Mike Irwin and Art are right. No reason to fool around with this stuff except to say we did. But that's half the fun.
On the 408 Cheyenne. Yep. Seen it. But it's not what I'm after.
(Not that I wouldn't buy one, with unlimited funds).
Whoever mentioned the custom reamer point is also correct. Like I've said (in other threads or forums), with enough money, you can solve darn near any problem. Even a non-existant one.
I'm just thinking about something unique, but if it doesn't render a gain to the shooter, somewhere along the line, then yeah, it would be a waste of money.
Someone said that the 50 BMG is a better case to neck up, than down. Maybe true, I don't know. But as noted, you run into the DD/BATF problem (or whatever they changed the agency acronym to).

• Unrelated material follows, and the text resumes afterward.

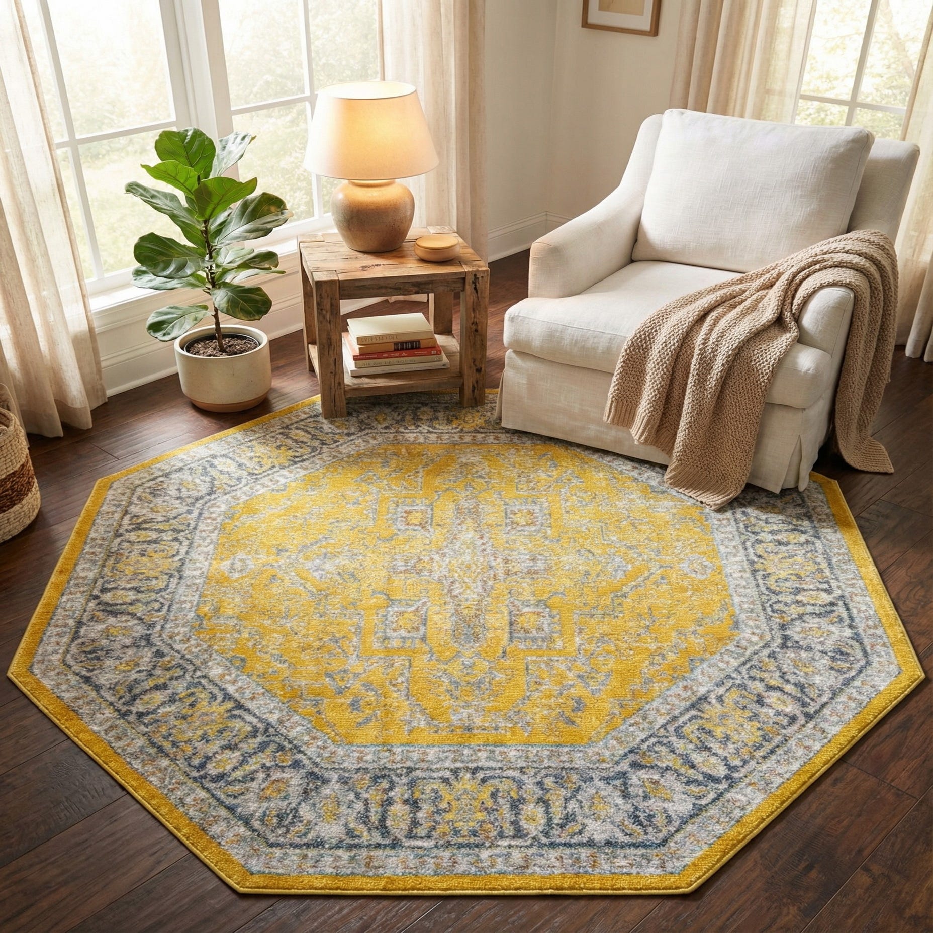 Place this rug in an entryway or foyer to create an immediate focal point, or center it beneath a small round dining table or breakfast nook where the octagon shape complements curved seating. It also works well layered over a larger neutral rug, anchored beneath a reading chair to define a cozy corner, or paired with modern farmhouse or coastal decor to lift a room with warm yellow and cool blue accents.

I still think there is a mid-.40 (.425-.475) caliber wildcat of the .50 BMG that would be a butt-kicker. Maybey it's larger, in the .475-.485 range. I'm looking for a weight for velocity trade that doesn't lose a boatload of downrange energy, yet is accurate at really long range. (Beyond today's extremes). Also, that doesn't burn barrels like an oxy-acetylene torch.
As a long range (pun intended) goal, I think I'm gonna clean-sheet this, from an engineering perspective. Ought to be time consuming. If nothing else, you usually learn something beneficial by finding out what won't work. Sometimes, the search takes you into a whole new, completely interesting area, that you had no intention of getting into when you started.
Heck, if someone asked me for a short definition of human existence, I don't think it would be far wrong to say it is all summed up as the search for something uncommon and 'new' (new being relative), just to say you did.